The National Security Council announced directly after the hack that, pursuant to a 2016 presidential policy directive, a Cyber Unified Coordination Group (UCG) was established in response to the breach “to ensure continued unity of effort across the United States Government in response to a significant cyber incident.” Neuberger said NSC coordination of the interagency response includes working with Capitol Hill and private-sector partners.
“This is challenging,” she added. “This is a sophisticated actor who did their best to hide their tracks. We believe it took them months to plan and execute this compromise. It’ll take us some time to uncover this, layer by layer.”
Neuberger stressed that the administration is “absolutely committed to reducing the risk this happens again” and an upcoming executive action will close some of the gaps identified during the NSC review of the hack.
“If you can’t see a network, you can’t defend a network,” she said. “And federal networks’ cybersecurity needs investment and more of an integrated approach to detect and block such threats.”

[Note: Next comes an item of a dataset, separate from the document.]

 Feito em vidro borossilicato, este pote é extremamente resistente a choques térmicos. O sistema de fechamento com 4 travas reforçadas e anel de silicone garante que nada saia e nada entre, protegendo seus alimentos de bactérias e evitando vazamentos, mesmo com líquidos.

As far as how the U.S. government might punish the hackers, “discussions are underway.”
“I know some of you will want to know what kind of options are being contemplated,” Neuberger said. “What I will share with you is how I frame this in my own mind: This isn’t the only case of malicious cyber activity of likely Russian origin, either for us or for our allies and partners. So as we contemplate future response options, we’re considering holistically what those activities were.”
Asked how much the hack will end up costing the U.S. government, Neuberger said the incident “really highlighted the investments we need to make in cybersecurity to have the visibility to block these attacks in the future,” but there is also a national security cost in the “scale of the information that was potentially compromised and the impact of how that information could be used in the hands of a malicious actor.”
“…When there is a compromise of this scope and scale, both across government and across the U.S. technology sector to lead to follow-on intrusions, it is more than a single incident of espionage; it’s fundamentally of concern for the ability for this to become disruptive.”
Neuberger told reporters that “due to the sophistication of the techniques that were used, we believe we’re in the beginning stages of understanding the scope and scale, and we may find additional compromises, particularly given the technology companies that were compromised.”
“And, no, we have not ruled out potential additional activity, but we’re very focused on carefully taking this step-by-step to understand the broad implications,” she added.